[Records from a dataset]
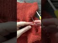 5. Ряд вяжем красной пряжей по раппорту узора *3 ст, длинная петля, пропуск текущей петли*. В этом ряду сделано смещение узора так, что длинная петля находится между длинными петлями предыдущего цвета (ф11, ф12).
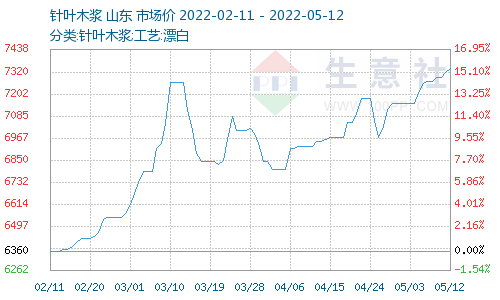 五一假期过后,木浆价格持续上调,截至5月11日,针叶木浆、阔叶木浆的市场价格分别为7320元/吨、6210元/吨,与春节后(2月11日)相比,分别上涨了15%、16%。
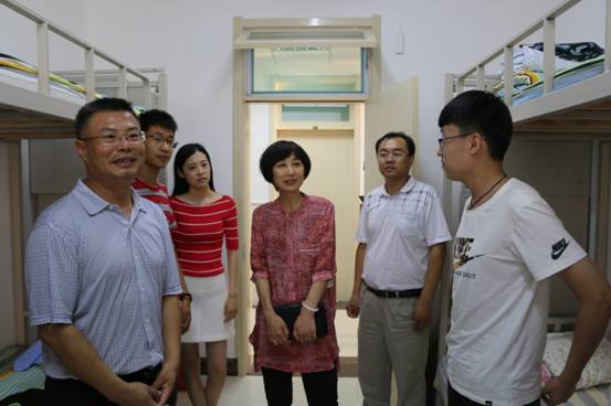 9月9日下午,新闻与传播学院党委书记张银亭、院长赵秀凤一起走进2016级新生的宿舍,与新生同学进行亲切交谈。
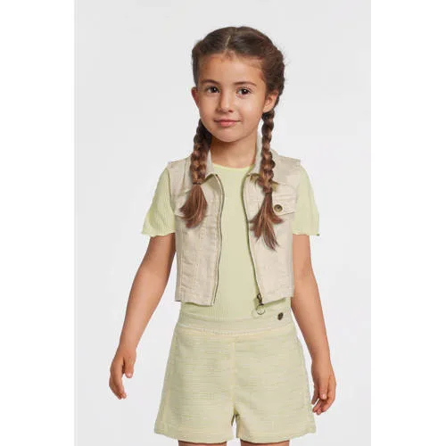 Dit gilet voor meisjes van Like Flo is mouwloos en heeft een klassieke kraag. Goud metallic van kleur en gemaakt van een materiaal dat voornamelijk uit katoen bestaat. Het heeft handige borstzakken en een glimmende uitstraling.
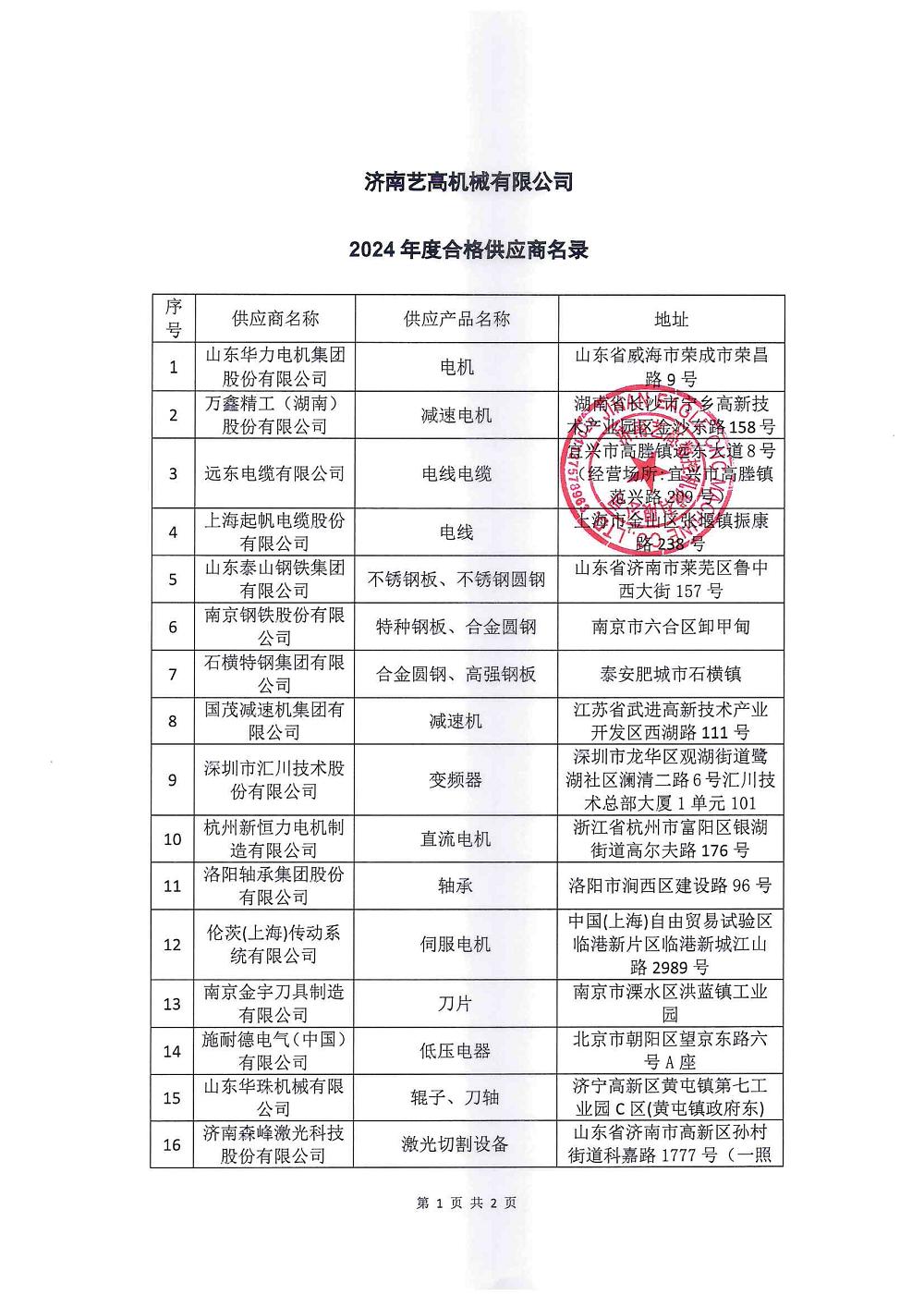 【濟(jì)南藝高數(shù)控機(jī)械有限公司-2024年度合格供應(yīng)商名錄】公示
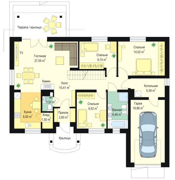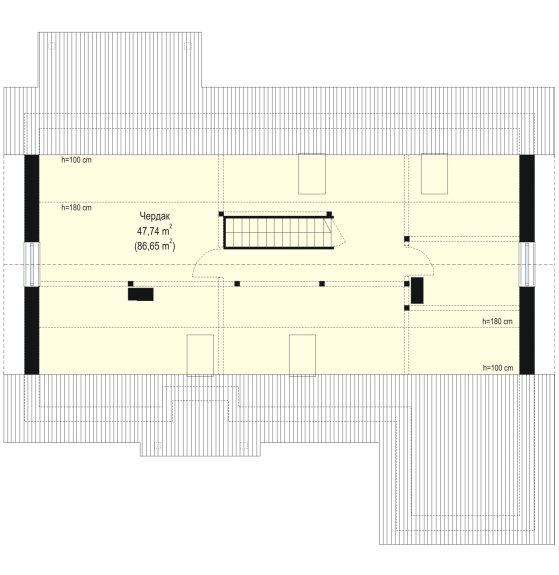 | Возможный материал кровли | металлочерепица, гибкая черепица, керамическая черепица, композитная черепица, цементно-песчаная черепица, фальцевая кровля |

## THE TASK:
Please print each entry exactly as it stands, without the pictures.

## EXERCISE ANSWER:
 5. Ряд вяжем красной пряжей по раппорту узора *3 ст, длинная петля, пропуск текущей петли*. В этом ряду сделано смещение узора так, что длинная петля находится между длинными петлями предыдущего цвета (ф11, ф12).
 五一假期过后,木浆价格持续上调,截至5月11日,针叶木浆、阔叶木浆的市场价格分别为7320元/吨、6210元/吨,与春节后(2月11日)相比,分别上涨了15%、16%。
 9月9日下午,新闻与传播学院党委书记张银亭、院长赵秀凤一起走进2016级新生的宿舍,与新生同学进行亲切交谈。
 Dit gilet voor meisjes van Like Flo is mouwloos en heeft een klassieke kraag. Goud metallic van kleur en gemaakt van een materiaal dat voornamelijk uit katoen bestaat. Het heeft handige borstzakken en een glimmende uitstraling.
 【濟(jì)南藝高數(shù)控機(jī)械有限公司-2024年度合格供應(yīng)商名錄】公示
 | Возможный материал кровли | металлочерепица, гибкая черепица, керамическая черепица, композитная черепица, цементно-песчаная черепица, фальцевая кровля |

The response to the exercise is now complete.